* **PROVIDED RECORDS**:
= = =
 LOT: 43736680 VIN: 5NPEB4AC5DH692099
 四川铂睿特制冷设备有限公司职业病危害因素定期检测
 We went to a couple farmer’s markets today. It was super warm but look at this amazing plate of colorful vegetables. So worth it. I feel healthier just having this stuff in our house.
= = =
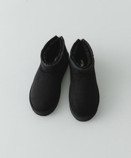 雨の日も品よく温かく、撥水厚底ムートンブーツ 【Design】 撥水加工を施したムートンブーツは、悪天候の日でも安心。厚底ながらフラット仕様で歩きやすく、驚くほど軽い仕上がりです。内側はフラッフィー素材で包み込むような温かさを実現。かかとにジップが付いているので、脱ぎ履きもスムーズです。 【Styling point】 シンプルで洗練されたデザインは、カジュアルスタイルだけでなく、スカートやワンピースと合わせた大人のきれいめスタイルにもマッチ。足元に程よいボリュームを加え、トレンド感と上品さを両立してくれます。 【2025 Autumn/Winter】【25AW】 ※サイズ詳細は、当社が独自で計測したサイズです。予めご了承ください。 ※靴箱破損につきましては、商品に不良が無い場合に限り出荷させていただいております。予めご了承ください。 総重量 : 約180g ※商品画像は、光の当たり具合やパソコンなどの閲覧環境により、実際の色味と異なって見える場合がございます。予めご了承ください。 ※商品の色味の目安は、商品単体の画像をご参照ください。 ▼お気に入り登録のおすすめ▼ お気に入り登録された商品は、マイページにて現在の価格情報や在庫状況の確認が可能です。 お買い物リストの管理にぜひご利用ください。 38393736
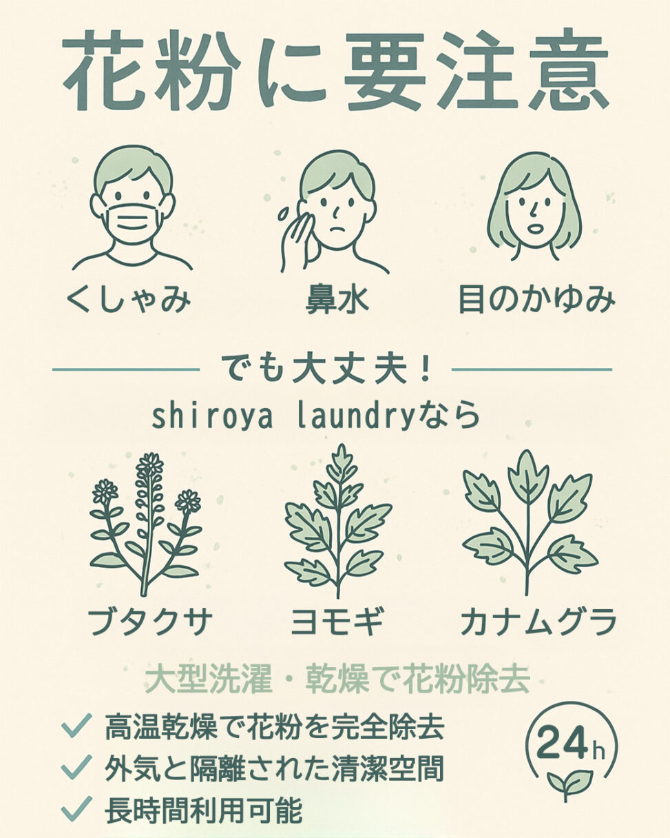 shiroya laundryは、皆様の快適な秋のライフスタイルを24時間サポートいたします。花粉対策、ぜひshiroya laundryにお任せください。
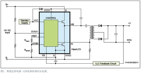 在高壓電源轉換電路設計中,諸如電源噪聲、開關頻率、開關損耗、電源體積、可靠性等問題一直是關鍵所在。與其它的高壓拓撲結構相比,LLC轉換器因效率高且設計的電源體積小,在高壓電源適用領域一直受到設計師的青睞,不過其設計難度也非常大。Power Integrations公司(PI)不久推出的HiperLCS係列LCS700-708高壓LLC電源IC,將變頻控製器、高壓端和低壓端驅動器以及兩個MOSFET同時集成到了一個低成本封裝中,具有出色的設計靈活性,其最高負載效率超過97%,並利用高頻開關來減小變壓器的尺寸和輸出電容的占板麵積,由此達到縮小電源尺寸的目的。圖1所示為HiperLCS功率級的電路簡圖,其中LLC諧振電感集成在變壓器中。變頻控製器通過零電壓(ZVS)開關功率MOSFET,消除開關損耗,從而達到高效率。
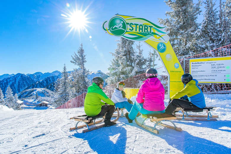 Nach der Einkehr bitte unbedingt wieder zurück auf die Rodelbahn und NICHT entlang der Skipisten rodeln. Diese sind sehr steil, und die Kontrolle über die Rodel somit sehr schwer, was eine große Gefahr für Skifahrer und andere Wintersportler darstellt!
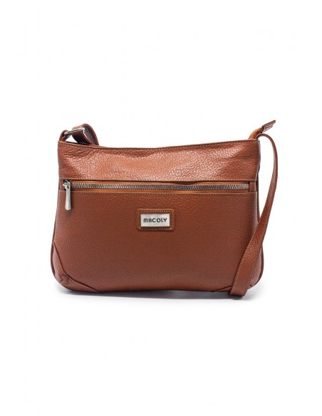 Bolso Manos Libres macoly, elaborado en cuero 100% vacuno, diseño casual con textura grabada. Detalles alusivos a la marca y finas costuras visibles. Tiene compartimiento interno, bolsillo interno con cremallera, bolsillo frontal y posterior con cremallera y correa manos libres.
= = =
* **DIRECTIONS**: Using the material above, transcribe exactly the lines from the line with "LOT: 43736680 VIN: 5NPEB4AC5DH692099" to the line with "We went to a"; both count, and nothing else goes in.

* **WRITTEN SOLUTION**:
 LOT: 43736680 VIN: 5NPEB4AC5DH692099
 四川铂睿特制冷设备有限公司职业病危害因素定期检测
 We went to a couple farmer’s markets today. It was super warm but look at this amazing plate of colorful vegetables. So worth it. I feel healthier just having this stuff in our house.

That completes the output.